Peter Adolph, managing director at Adolph Komorsky Investments in New York, has a good chuckle over the boot-your-broker spots, then decries them as misleading. "It's patently absurd to believe that if you go online and punch up information and trade for $5 or $8, you'll do substantially better than people who've been doing it for 20, 30, 40 years," he harrumphs. "This is a tough business."

A rumble of complaints about some of the online brokerage campaigns surfaced last spring, when Securities and Exchange Commission Chairman Arthur Levitt observed that certain ads "more closely resemble commercials for the lottery than anything else."

NASD Regulation, the security industry's self-policing organization--whose president has bemoaned such characters as Al, the island-owning tow truck driver--convened a series of discussions about online brokerage ads last summer. The organization said it had requested that members alter certain TV commercials or withdraw them, though it declined to name names.

Still dissatisfied, however, the National Association of Investment Professionals (NAIP), a nonprofit organization based in Minnesota, earlier this month petitioned the Federal Trade Commission to review brokerage advertising, particularly potentially misleading online campaigns. Washington attorney William MacLeod drafted and filed the petition.
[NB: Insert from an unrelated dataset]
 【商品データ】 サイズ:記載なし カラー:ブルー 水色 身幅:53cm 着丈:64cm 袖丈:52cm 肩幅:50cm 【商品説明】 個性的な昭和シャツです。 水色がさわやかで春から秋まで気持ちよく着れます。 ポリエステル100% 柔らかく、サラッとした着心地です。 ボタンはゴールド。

"Full-service brokers are not the [Yiddish vulgarism deleted] we've been made out to be" is NAIP President Thomas O'Keefe's plaintive explanation.

Still, the investor icon of the future may not be Peter Lynch, Charles Schwab (whom BBDO New York recently resurrected as that firm's front man after several years' absence from advertising) or any other seasoned veteran; it may be . . . Stuart.
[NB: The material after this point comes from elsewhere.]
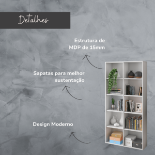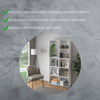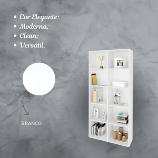 Deseja organizar sua casa ou escritório? A Estante Clean da Artany é perfeita para você que busca organização sem perder seu estilo e sua essência! Com design elegante e versátil, esta estante pode ser usada nos mais variados ambientes: sala, quarto, escritório, lavanderia e até mesmo em salas comerciais! É perfeito para guardar livros, caixas, brinquedos, arquivos, e para expor suas decorações também, pois além de ser lindo, este produto também é útil e espaçoso, otimizando qualquer ambiente! Com 15mm de espessura, as prateleiras são muito mais resistentes a empenamento que os outros produtos do mercado! O revestimento é feito em BP e as bordas são de PVC, garantindo uma maior resistência a impactos, atrito e umidade, e certificando uma maior durabilidade ao móvel. Com tantas qualidades e funções, você precisa adquirir a sua agora!

Stuart, Ameritrade's hilarious geek office boy, made his debut in March, instructing his stuffpot boss Mr. P on trading online. It was a memorable spot, by an Ogilvy & Mather division: "Awright, click it in there. Feel the excitement! . . . Riding the wave of the future, my man," yelps the kid with the multilevel, multihued hair as Mr. P buys 100 shares of Kmart Corp. "Happy Trading. Rock on." Competing ad executives tip their hats admiringly; young traders, the Wall Street Journal reported recently, have adopted certain Stuartisms like, "Let's light this candle!"

Now there's a sequel, in which Our Hero meets his girlfriend's dad--who is, of course, a condescending stockbroker. On the face of it, "Stuart II" hardly qualifies as a boot-your-broker ad: It's the dad who owns the mansion with a pool and can afford a maid and a gardener, while Stuart, sporting an "Ole" tattoo, apparently can't afford a decent haircut. Still, after a feverish rant about online trading, Stuart's girlfriend is burbling about having his baby and the maid wants his advice on utility stocks.
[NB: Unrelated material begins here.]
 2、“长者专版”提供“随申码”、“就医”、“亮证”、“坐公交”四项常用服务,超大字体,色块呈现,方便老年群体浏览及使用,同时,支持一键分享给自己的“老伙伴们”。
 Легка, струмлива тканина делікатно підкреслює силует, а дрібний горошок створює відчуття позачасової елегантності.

It's enough to make a grown broker weep, or at least do a bit of research. Kmart Corp., points out portfolio manager Tyler, is not a stock Mr. P can retire on. Tyler punches in the retailer's numbers on a recent afternoon. Kmart is down about 27 percent for the year. "Not a great idea, Stuart," he announces dryly. "But thanks."

CAPTION: E-Trade ad's golf-playing fund manager gets a warning.

CAPTION: Merrill Lynch's ad offers a reassuring adviser, right.